__What is being asked__. Reproduce, exactly and in full, the lines from the one with "АртМороз Дед мороз" through the one with "Added bonus!: all" in the data below; drop pictures.

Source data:
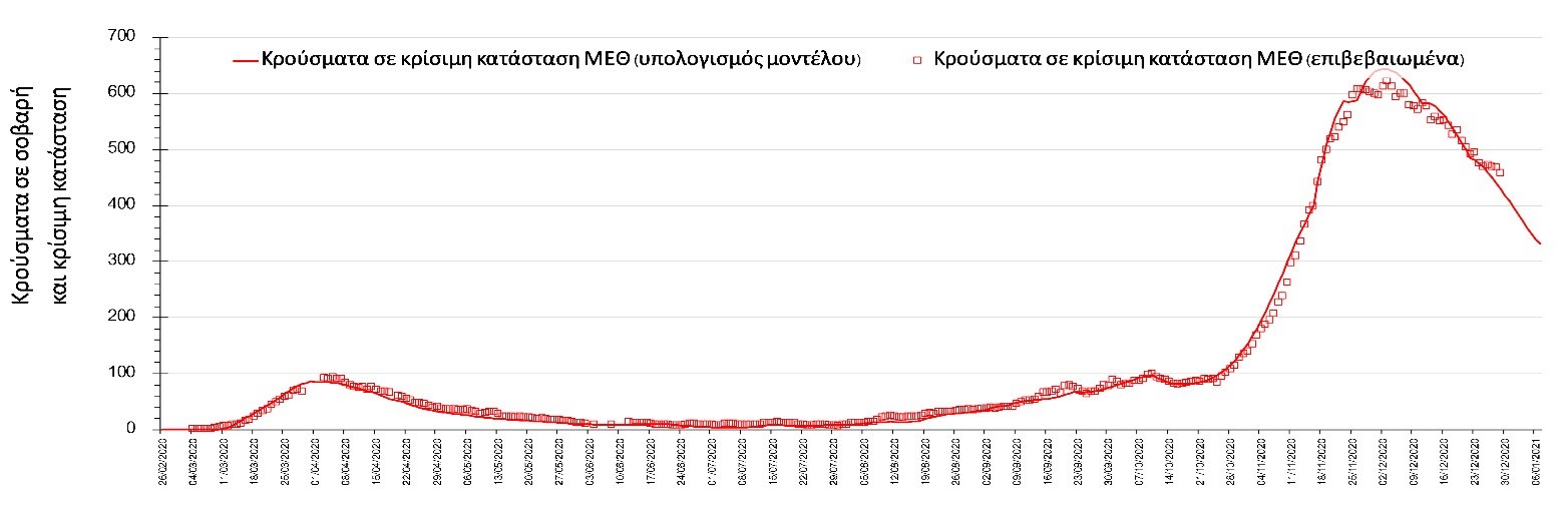 Όσον αφορά τους ασθενείς σε κρίσιμη κατάσταση (διασωληνωμένοι σε ΜΕΘ), ο αριθμός μειώθηκε πολύ ελαφρά σε σχέση με τη Δευτέρα (458 από 467), και παραμένει στα αναμενόμενα επίπεδα. Η καμπύλη εξέλιξης του αριθμού των ασθενών που χρειάζονται διασωλήνωση φαίνεται να ακολουθεί αργά την πορεία που διαφαίνονταν και από την υπολογιστική πλατφόρμα CORE, όπως αυτή παρουσιάζεται στο Σχήμα 1, ενώ μια εκτίμηση για την πορεία των θανάτων παρουσιάζεται στο Σχήμα 2.
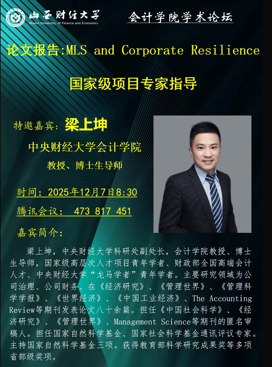 2025年12月7日,TYC234CC太阳成集团学术论坛第206期邀请了中央财经大学TYC234CC太阳成集团梁上坤教授做学术报告及国家项目辅导。李颖教授、青年科研骨干教师及硕博士研究生近60人参加了研讨会,围绕工作论文以及国家项目申报等内容展开深入探讨。
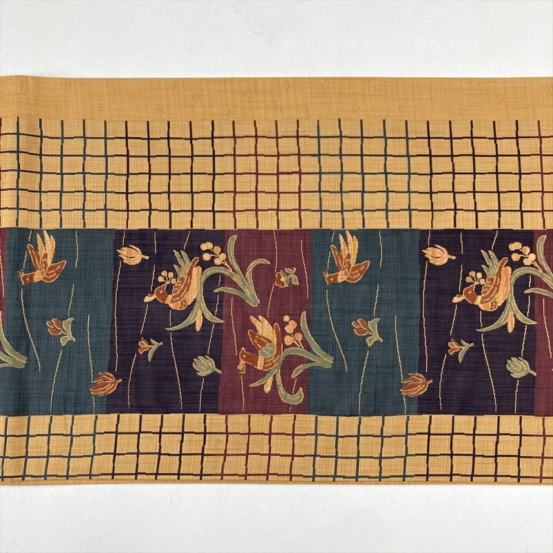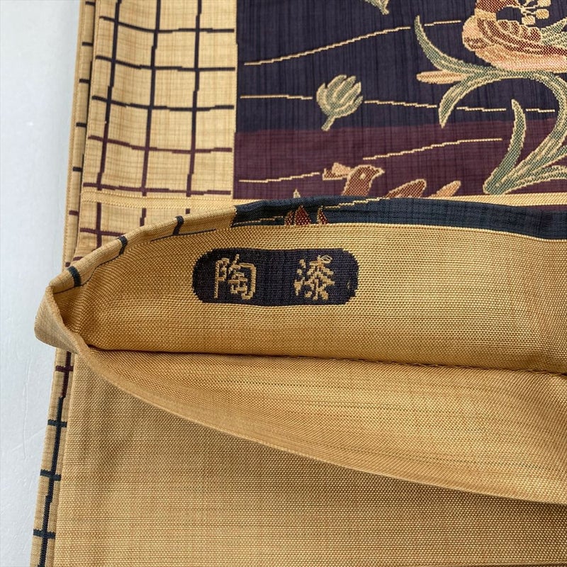 (中古)袋帯 金茶 カジュアル 六通 変わり格子 花鳥 水辺
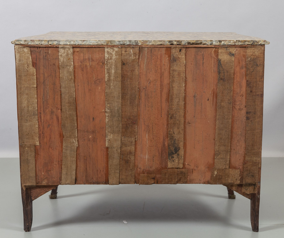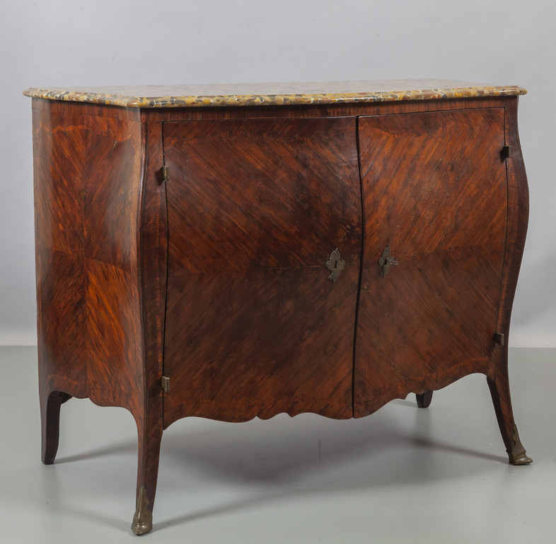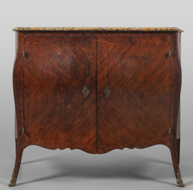Credenza Luigi XV a due sportelli lastronata in palissandro e filettata in legno di rosa piano in breccia Genova sec.XVIII
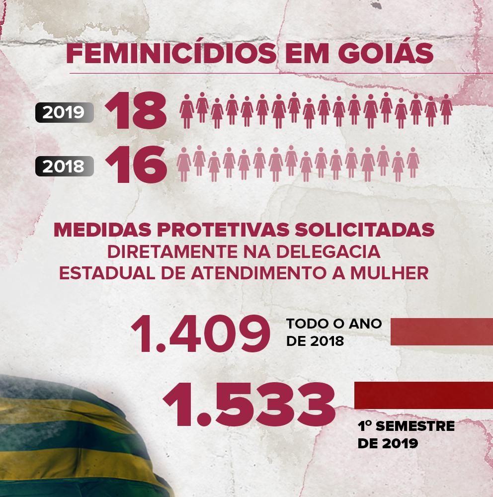 Em Goiás, o número de ocorrências registradas por crimes de violência doméstica aumentou 84,6% em 2019. Segundo dados da Secretaria de Segurança Pública do Estado de Goiás (SSP-GO), foram 2.2 mil registros a mais que o mesmo período de 2018 (2,6 mil). Este número, porém, não significa um aumento na prática do crime, e sim que as vítimas de relacionamentos abusivos estão procurando ajuda.
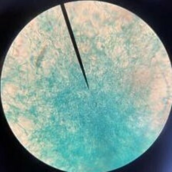 This is a image of penicillium mycelium conidiophores viewed through a 40x scope. This image has also been edited through the photos program on a windows computer.
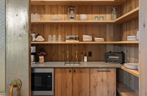As you enter, you'll be greeted by a spacious, modern yet rustic atmosphere perfect for relaxation and connection. The open-concept living room, filled with natural light, features high ceilings, tasteful decor, and a large wood-burning fireplace, creating a cozy ambiance for family and friends. The gourmet kitchen, equipped with top-of-the-line appliances and ample counter space, is a chef's delight, complemented by a separate butler's pantry with a coffee bar. If desired, a private chef can prepare meals during your stay!
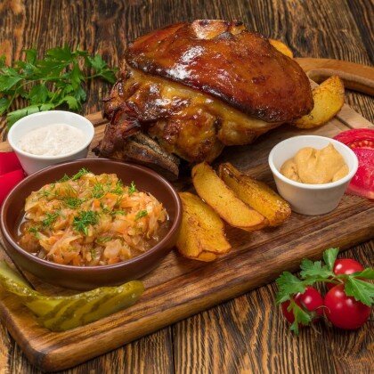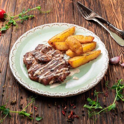 Свиные ребрышки в соусе BBQ с картофельными дольками
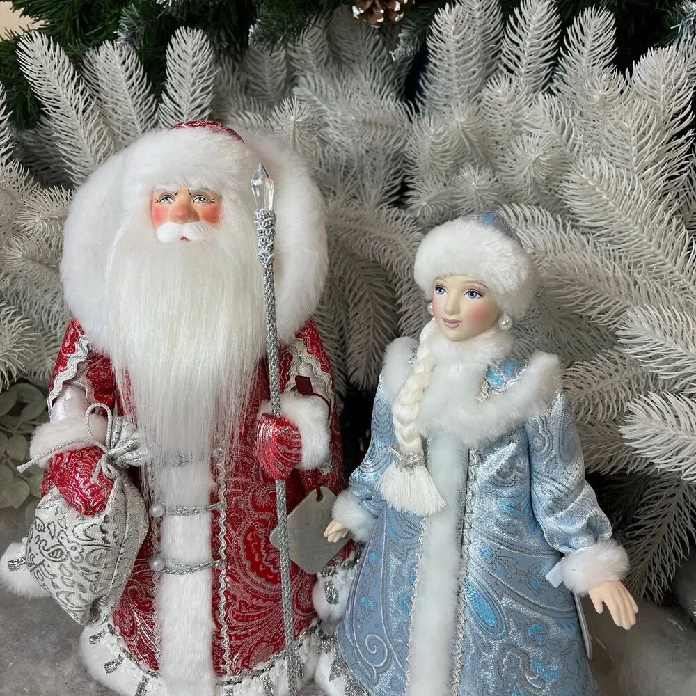 АртМороз Дед мороз и Снегурочка русские 33см; новогодняя игрушка под ёлку; авторская кукла ручной работы; подарок на Новый Год интересное:
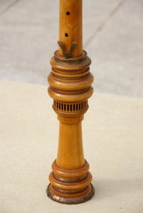 Zunächst, nicht zu übersehen, ihre Form: Während Instrumente, insbesondere Holzblasinstrumente, im 16. Jahrhundert zu schlichten Formen tendierten, schien sich hier der Instrumentenbauer an der Drehbank regelrecht ausgetobt und den barocken Stil 100 Jahre vorweggenommen zu haben. Welchen Grund könnte es dafür gegeben haben?
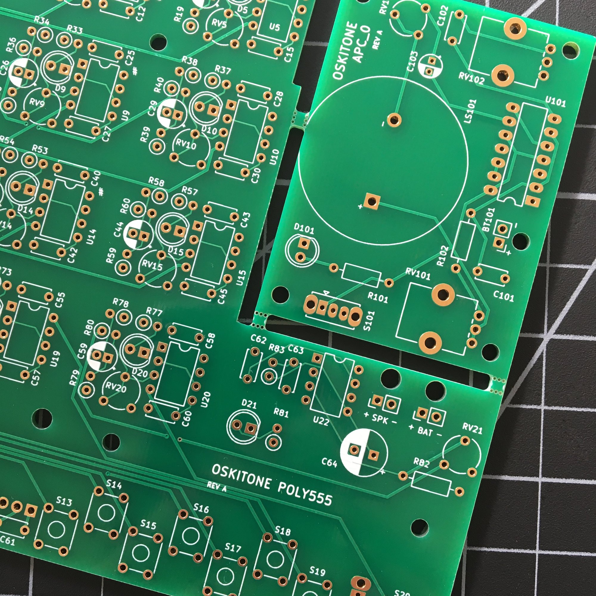 Added bonus!: all bare POLY555 PCBs now ship with an attached APC board, for free! Snapping them apart is both fun and very easy to do.
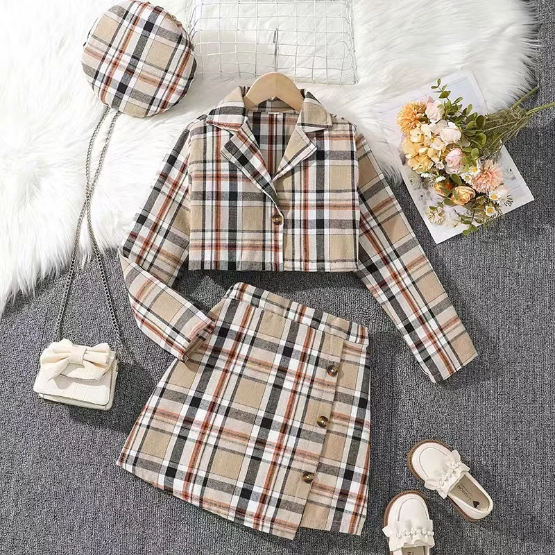 2025 Осенняя коллекция оптовая продажа повседневный комплект одежды из 2 предметов коричневая рубашка без рукавов с V-образным вырезом и юбкой хлопка для подростков

__Result for this exercise__.
 АртМороз Дед мороз и Снегурочка русские 33см; новогодняя игрушка под ёлку; авторская кукла ручной работы; подарок на Новый Год интересное:
 Zunächst, nicht zu übersehen, ihre Form: Während Instrumente, insbesondere Holzblasinstrumente, im 16. Jahrhundert zu schlichten Formen tendierten, schien sich hier der Instrumentenbauer an der Drehbank regelrecht ausgetobt und den barocken Stil 100 Jahre vorweggenommen zu haben. Welchen Grund könnte es dafür gegeben haben?
 Added bonus!: all bare POLY555 PCBs now ship with an attached APC board, for free! Snapping them apart is both fun and very easy to do.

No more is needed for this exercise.